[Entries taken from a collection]

▶

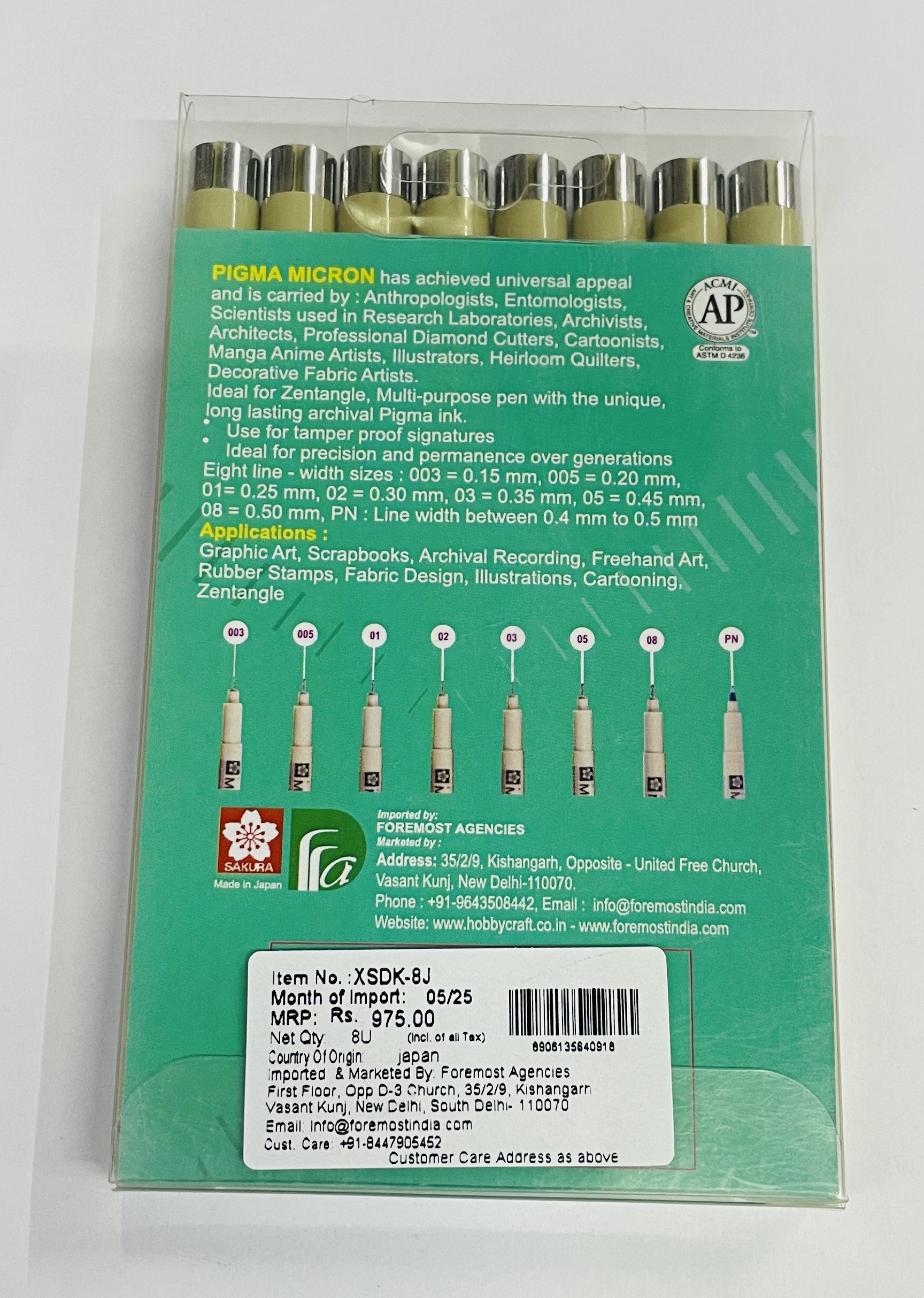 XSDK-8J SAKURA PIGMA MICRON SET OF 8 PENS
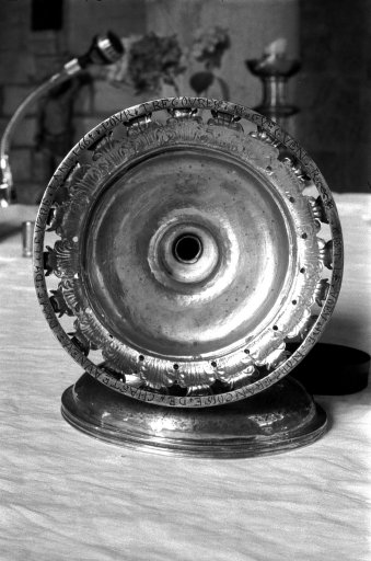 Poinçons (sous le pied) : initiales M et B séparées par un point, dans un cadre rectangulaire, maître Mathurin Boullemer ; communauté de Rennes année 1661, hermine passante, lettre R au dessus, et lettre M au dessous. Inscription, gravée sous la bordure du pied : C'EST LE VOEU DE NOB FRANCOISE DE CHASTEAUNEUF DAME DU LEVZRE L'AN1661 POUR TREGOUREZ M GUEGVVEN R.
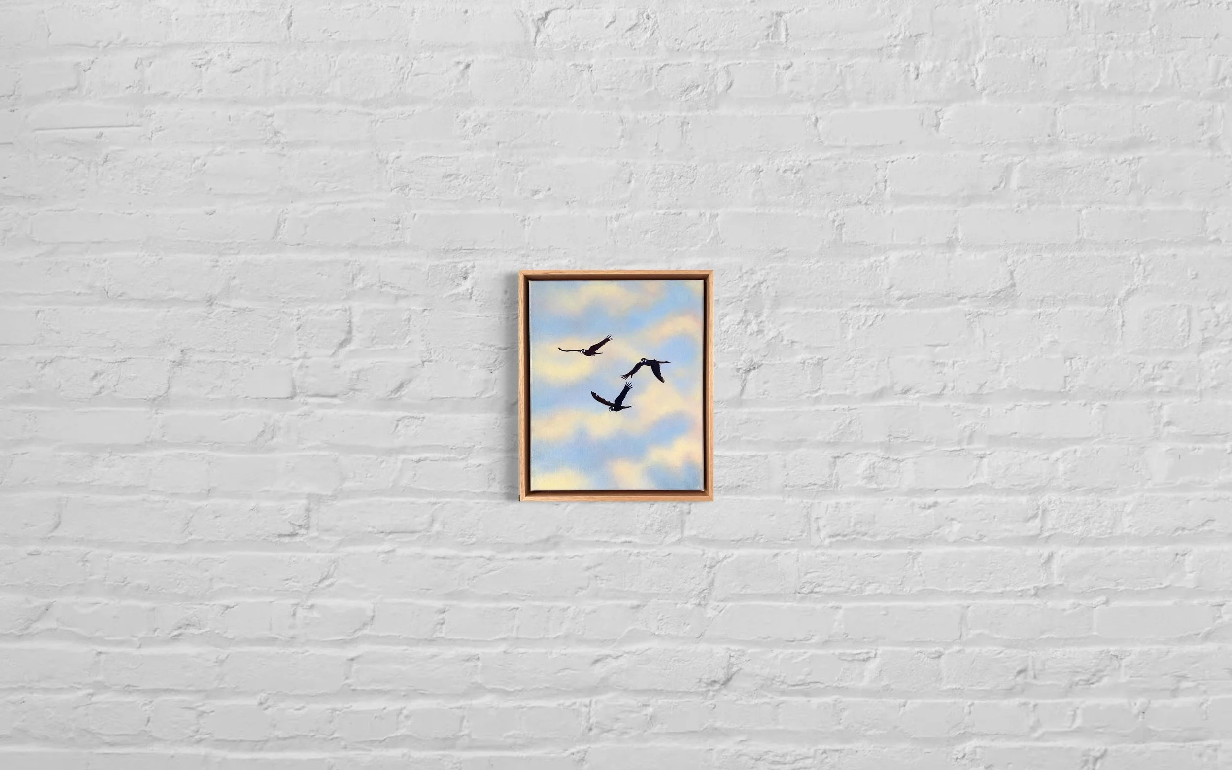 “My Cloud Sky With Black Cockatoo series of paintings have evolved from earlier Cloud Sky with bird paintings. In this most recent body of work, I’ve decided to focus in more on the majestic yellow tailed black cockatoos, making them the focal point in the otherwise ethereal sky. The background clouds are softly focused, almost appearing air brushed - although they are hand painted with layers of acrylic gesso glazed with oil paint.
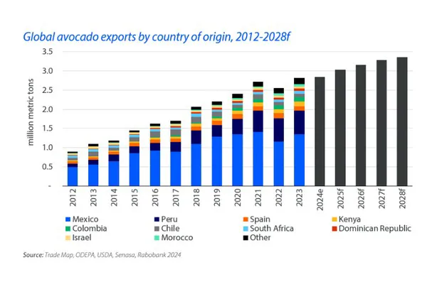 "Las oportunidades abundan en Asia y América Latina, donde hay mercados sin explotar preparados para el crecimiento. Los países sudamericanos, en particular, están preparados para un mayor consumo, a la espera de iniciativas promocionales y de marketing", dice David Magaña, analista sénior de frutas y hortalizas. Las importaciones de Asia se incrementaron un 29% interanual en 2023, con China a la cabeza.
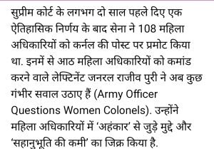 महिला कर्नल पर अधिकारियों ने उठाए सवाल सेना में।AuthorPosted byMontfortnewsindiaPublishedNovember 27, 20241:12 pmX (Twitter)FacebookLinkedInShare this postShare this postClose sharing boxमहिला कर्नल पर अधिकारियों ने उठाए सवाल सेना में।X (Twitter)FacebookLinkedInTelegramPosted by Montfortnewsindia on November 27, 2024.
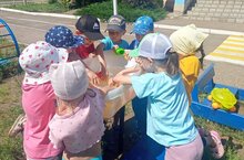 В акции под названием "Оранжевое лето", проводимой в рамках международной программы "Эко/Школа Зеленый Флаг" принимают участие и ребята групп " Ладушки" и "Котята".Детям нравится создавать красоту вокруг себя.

◀

Exercise goal
The copy you write out must match the entries word for word, minus their pictures.

Written response
 XSDK-8J SAKURA PIGMA MICRON SET OF 8 PENS
 Poinçons (sous le pied) : initiales M et B séparées par un point, dans un cadre rectangulaire, maître Mathurin Boullemer ; communauté de Rennes année 1661, hermine passante, lettre R au dessus, et lettre M au dessous. Inscription, gravée sous la bordure du pied : C'EST LE VOEU DE NOB FRANCOISE DE CHASTEAUNEUF DAME DU LEVZRE L'AN1661 POUR TREGOUREZ M GUEGVVEN R.
 “My Cloud Sky With Black Cockatoo series of paintings have evolved from earlier Cloud Sky with bird paintings. In this most recent body of work, I’ve decided to focus in more on the majestic yellow tailed black cockatoos, making them the focal point in the otherwise ethereal sky. The background clouds are softly focused, almost appearing air brushed - although they are hand painted with layers of acrylic gesso glazed with oil paint.
 "Las oportunidades abundan en Asia y América Latina, donde hay mercados sin explotar preparados para el crecimiento. Los países sudamericanos, en particular, están preparados para un mayor consumo, a la espera de iniciativas promocionales y de marketing", dice David Magaña, analista sénior de frutas y hortalizas. Las importaciones de Asia se incrementaron un 29% interanual en 2023, con China a la cabeza.
 महिला कर्नल पर अधिकारियों ने उठाए सवाल सेना में।AuthorPosted byMontfortnewsindiaPublishedNovember 27, 20241:12 pmX (Twitter)FacebookLinkedInShare this postShare this postClose sharing boxमहिला कर्नल पर अधिकारियों ने उठाए सवाल सेना में।X (Twitter)FacebookLinkedInTelegramPosted by Montfortnewsindia on November 27, 2024.
 В акции под названием "Оранжевое лето", проводимой в рамках международной программы "Эко/Школа Зеленый Флаг" принимают участие и ребята групп " Ладушки" и "Котята".Детям нравится создавать красоту вокруг себя.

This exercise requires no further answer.